Thyroid Cancer (ThyCa):
- Sorafenib in locally advanced or metastatic patients with radioactive iodine-refractory differentiated thyroid cancer: The Ph III DECISION trial (Abst# 4)
Another top Abstract at ASCO: Earlier this year, Bayer announced that DECISION met its primary endpoint, so it will be exciting to see just how effective Nexavar is in this difficult setting in thyroid cancer.
- Phase II study of everolimus and sorafenib for the treatment of metastatic thyroid cancer (6024)
It will be interesting to see if the addition of Afinitor to Nexavar (which is known to be effective in thyroid cancer) will add any additional benefit.
Liver Cancer (HCC):
- Sorafenib alone versus sorafenib combined with gemcitabine and oxaliplatin (GEMOX) in first-line treatment of advanced HCC: Final analysis of the randomized Ph II GONEXT trial (UNICANCER/FFCD PRODIGE 10 trial) (Abst# 4028)
The GONEXT trial will show if the addition of Nexavar to chemotherapy can improve outcomes in HCC, where chemotherapy alone is not very effective. HCC is a difficult disease, and many patients have difficulty with the side effects of Nexavar alone—this combination will have to overcome the potential for increased toxicity with some significant benefit in survival in order to be successful.

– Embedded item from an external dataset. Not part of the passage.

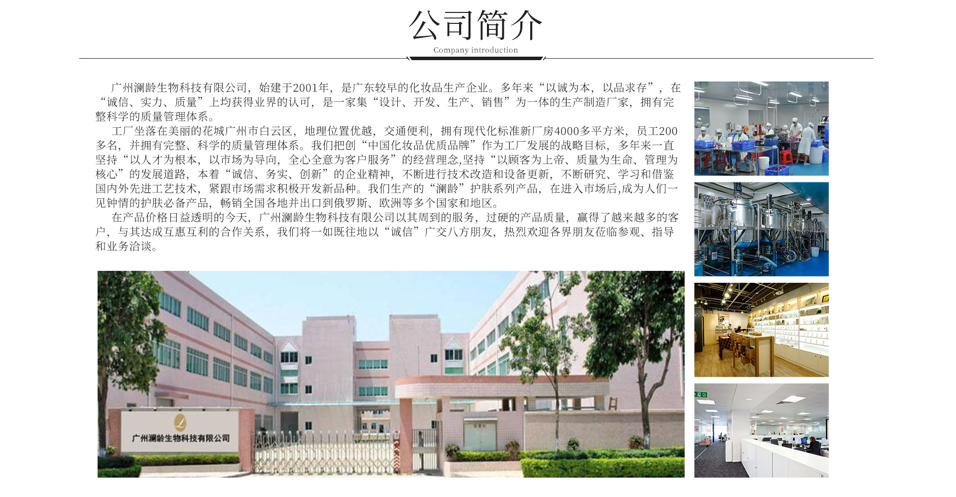 廣州瀾齡生物科技有限公司,始建于2001年,是廣東較早的化妝品生產企業。多年來“以誠為本,以品求存”,在“誠信、實力、質量”上均獲得業界的認可,是一家集“設計、開發、生產、銷售”為一體的生產制造廠家,擁有完整科學的質量管理體系。      工廠在廣州市白云區,擁有現代化標準新廠房5000多平方米,員工200多名,并擁有完整、科學的質量管理體系,多年來一直堅持“以人才為根本,以市場為導向,全心全意為客戶服務”的經營理念,堅持“以顧客為上帝、質量為生命、管理為核心”的發展道路,本著“誠信、務實、創新”的企業精神,不斷進行技術改造和設備更新,不斷研究、學習和借鑒國內外先進工藝技術,緊跟市場需求積極開發新品種。在產品價格日益透明的今天,廣州瀾齡生物科技有限公司以其周到的服務,過硬的產品質量,贏得了越來越多的客戶,我們以“誠信”廣交八方朋友,熱烈歡迎各界朋友蒞臨參觀。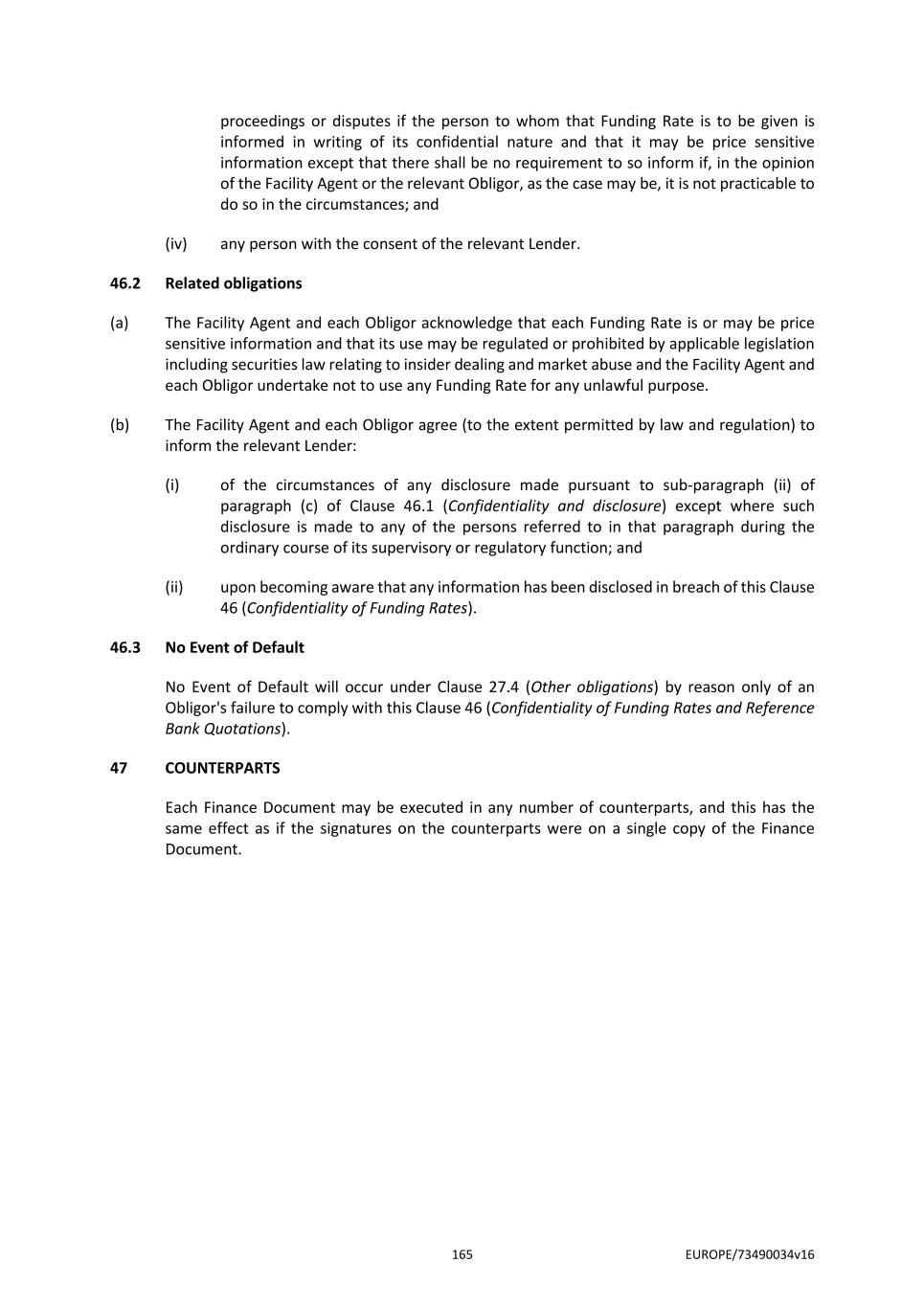 165 EUROPE/73490034v16 proceedings or disputes if the person to whom that Funding Rate is to be given is informed in writing of its confidential nature and that it may be price sensitive information except that there shall be no requirement to so inform if, in the opinion of the Facility Agent or the relevant Obligor, as the case may be, it is not practicable to do so in the circumstances; and (iv) any person with the consent of the relevant Lender. 46.2 Related obligations (a) The Facility Agent and each Obligor acknowledge that each Funding Rate is or may be price sensitive information and that its use may be regulated or prohibited by applicable legislation including securities law relating to insider dealing and market abuse and the Facility Agent and each Obligor undertake not to use any Funding Rate for any unlawful purpose. (b) The Facility Agent and each Obligor agree (to the extent permitted by law and regulation) to inform the relevant Lender: (i) of the circumstances of any disclosure made pursuant to sub-paragraph (ii) of paragraph (c) of Clause 46.1 (Confidentiality and disclosure) except where such disclosure is made to any of the persons referred to in that paragraph during the ordinary course of its supervisory or regulatory function; and (ii) upon becoming aware that any information has been disclosed in breach of this Clause 46 (Confidentiality of Funding Rates). 46.3 No Event of Default No Event of Default will occur under Clause 27.4 (Other obligations) by reason only of an Obligor's failure to comply with this Clause 46 (Confidentiality of Funding Rates and Reference Bank Quotations). 47 COUNTERPARTS Each Finance Document may be executed in any number of counterparts, and this has the same effect as if the signatures on the counterparts were on a single copy of the Finance Document.

- Ph II trial of Pexa-Vec (pexastimogene devacirepvec; JX-594), an oncolytic and immunotherapeutic vaccinia virus, followed by sorafenib in patients with advanced HCC (Abst# 4122)
Oncolytic viruses are a novel approach in oncology, particularly in HCC. This Ph II data will hopefully be the first indication of whether Pexa-Vec will be effective and well-tolerated.